__Requirement__:
Every line in the entries that holds "floor" should be identified and copied.

__Data__:
--

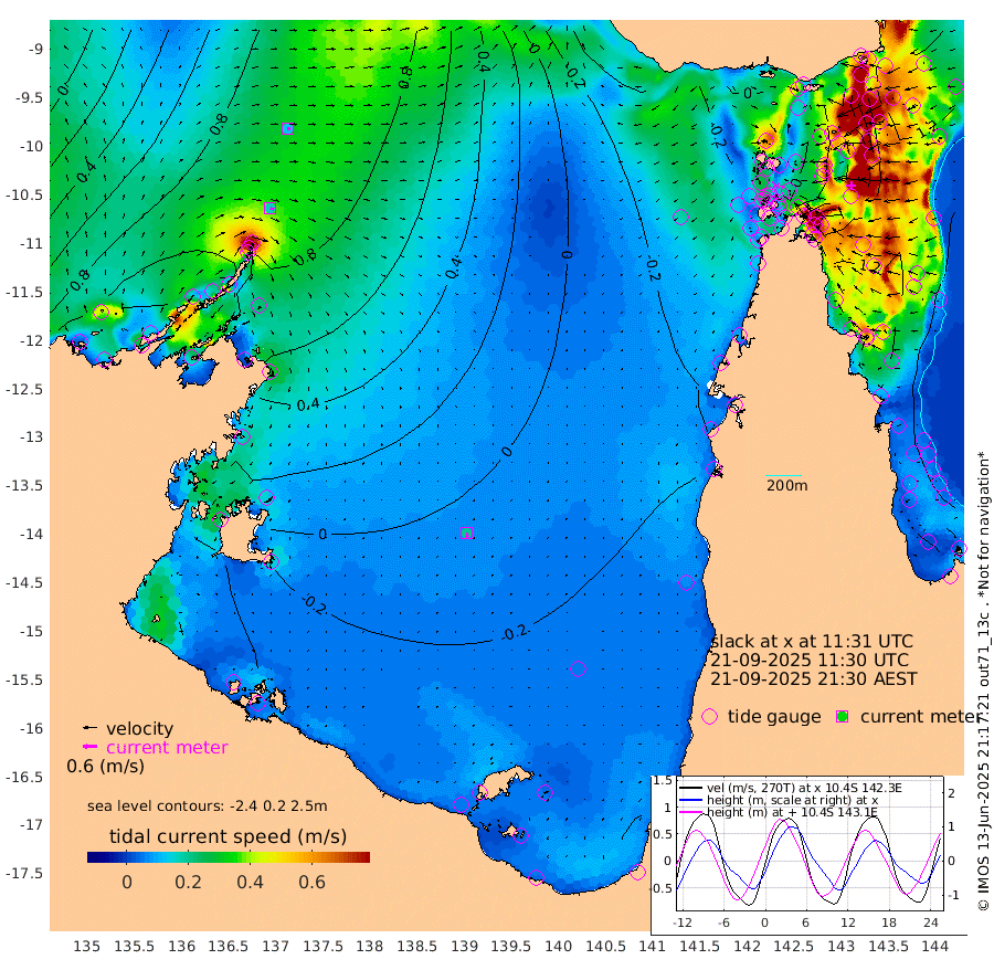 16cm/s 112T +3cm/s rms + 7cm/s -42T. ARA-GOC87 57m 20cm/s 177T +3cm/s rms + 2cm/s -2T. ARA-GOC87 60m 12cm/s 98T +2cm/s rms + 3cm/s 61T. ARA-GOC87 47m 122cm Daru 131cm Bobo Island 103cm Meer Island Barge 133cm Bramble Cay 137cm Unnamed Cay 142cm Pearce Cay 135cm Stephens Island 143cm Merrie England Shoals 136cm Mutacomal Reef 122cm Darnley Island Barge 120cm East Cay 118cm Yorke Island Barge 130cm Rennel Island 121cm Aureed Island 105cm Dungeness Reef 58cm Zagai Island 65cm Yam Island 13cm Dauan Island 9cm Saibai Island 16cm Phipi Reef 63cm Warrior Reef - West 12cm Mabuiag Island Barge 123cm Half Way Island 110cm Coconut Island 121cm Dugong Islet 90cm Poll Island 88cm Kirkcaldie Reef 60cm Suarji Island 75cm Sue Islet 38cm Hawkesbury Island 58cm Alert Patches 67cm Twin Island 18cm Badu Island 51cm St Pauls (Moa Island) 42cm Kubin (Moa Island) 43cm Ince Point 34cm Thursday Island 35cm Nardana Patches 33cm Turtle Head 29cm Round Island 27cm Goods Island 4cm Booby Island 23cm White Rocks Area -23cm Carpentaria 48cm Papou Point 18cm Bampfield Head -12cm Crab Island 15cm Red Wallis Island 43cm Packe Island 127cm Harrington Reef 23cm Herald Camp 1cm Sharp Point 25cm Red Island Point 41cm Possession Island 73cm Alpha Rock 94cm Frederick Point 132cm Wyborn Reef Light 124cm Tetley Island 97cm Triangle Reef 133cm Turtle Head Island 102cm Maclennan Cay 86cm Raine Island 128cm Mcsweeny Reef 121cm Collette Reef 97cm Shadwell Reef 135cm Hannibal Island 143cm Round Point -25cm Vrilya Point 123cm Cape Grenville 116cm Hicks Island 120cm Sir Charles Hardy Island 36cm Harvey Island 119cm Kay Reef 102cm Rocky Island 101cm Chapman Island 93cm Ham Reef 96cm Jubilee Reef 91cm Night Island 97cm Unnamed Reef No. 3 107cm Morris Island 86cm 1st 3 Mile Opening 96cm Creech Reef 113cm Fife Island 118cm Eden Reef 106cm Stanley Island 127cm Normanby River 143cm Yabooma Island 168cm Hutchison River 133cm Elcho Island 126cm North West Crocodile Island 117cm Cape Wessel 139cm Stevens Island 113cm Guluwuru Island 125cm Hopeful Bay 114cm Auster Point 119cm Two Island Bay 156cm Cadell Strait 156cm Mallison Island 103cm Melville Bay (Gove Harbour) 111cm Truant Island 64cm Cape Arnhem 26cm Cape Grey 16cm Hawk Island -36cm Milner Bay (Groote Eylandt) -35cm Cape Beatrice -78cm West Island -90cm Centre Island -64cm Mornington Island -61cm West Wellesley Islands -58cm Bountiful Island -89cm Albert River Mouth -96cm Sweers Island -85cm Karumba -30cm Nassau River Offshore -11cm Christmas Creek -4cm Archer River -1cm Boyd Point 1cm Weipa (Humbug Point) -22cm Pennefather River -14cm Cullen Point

--

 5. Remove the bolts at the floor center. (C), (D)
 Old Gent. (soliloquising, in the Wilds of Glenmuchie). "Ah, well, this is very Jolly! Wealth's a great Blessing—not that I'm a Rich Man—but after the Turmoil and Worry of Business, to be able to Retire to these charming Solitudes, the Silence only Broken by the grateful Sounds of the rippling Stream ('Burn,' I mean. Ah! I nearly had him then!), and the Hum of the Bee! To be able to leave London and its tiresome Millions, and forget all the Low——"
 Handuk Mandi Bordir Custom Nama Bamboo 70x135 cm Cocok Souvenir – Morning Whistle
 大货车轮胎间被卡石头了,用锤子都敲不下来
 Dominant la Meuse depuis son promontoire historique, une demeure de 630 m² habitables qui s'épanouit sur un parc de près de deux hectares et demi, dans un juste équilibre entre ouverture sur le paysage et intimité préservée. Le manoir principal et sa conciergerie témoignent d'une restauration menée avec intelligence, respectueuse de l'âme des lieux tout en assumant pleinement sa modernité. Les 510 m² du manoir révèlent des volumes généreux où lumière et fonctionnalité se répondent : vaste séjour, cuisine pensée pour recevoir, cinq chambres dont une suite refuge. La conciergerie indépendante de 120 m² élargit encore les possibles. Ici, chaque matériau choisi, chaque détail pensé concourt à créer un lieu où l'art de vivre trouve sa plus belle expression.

--

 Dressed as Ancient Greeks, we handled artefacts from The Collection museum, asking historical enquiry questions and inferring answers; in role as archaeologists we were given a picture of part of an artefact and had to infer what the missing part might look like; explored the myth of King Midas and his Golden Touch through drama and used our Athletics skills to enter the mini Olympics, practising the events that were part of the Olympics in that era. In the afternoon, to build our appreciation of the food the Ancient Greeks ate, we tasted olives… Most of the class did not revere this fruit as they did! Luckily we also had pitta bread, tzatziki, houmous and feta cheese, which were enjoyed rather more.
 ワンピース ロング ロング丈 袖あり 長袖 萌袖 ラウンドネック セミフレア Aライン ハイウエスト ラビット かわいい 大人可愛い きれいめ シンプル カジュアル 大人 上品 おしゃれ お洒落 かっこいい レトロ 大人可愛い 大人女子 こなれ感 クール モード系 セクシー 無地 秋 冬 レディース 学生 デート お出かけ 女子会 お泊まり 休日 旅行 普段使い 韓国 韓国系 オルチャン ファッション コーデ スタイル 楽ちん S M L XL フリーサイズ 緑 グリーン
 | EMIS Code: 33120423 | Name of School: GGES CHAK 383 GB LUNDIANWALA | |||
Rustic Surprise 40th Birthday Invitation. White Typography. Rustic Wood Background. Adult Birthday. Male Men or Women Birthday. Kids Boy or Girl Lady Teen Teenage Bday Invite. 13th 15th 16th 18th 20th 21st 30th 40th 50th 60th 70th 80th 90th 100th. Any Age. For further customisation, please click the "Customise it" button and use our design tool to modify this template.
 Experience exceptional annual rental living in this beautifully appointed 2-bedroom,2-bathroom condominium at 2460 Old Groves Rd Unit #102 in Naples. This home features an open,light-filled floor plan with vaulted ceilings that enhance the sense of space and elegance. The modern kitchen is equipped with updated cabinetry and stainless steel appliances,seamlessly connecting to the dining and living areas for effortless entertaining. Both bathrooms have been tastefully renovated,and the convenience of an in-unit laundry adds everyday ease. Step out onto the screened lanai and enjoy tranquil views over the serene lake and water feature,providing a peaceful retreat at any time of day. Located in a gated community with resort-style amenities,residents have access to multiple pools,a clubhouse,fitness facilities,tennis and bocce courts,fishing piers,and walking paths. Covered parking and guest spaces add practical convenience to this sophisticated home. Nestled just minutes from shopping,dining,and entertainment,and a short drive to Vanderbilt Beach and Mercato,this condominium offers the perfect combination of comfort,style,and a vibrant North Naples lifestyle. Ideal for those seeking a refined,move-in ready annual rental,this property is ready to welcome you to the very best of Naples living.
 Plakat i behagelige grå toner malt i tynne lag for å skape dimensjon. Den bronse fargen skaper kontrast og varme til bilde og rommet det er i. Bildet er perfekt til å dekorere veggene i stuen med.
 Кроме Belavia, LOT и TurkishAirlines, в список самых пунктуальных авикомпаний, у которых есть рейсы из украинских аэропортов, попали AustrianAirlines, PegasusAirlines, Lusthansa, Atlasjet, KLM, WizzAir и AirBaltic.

--

__Solution for this problem__:
 5. Remove the bolts at the floor center. (C), (D)
 Experience exceptional annual rental living in this beautifully appointed 2-bedroom,2-bathroom condominium at 2460 Old Groves Rd Unit #102 in Naples. This home features an open,light-filled floor plan with vaulted ceilings that enhance the sense of space and elegance. The modern kitchen is equipped with updated cabinetry and stainless steel appliances,seamlessly connecting to the dining and living areas for effortless entertaining. Both bathrooms have been tastefully renovated,and the convenience of an in-unit laundry adds everyday ease. Step out onto the screened lanai and enjoy tranquil views over the serene lake and water feature,providing a peaceful retreat at any time of day. Located in a gated community with resort-style amenities,residents have access to multiple pools,a clubhouse,fitness facilities,tennis and bocce courts,fishing piers,and walking paths. Covered parking and guest spaces add practical convenience to this sophisticated home. Nestled just minutes from shopping,dining,and entertainment,and a short drive to Vanderbilt Beach and Mercato,this condominium offers the perfect combination of comfort,style,and a vibrant North Naples lifestyle. Ideal for those seeking a refined,move-in ready annual rental,this property is ready to welcome you to the very best of Naples living.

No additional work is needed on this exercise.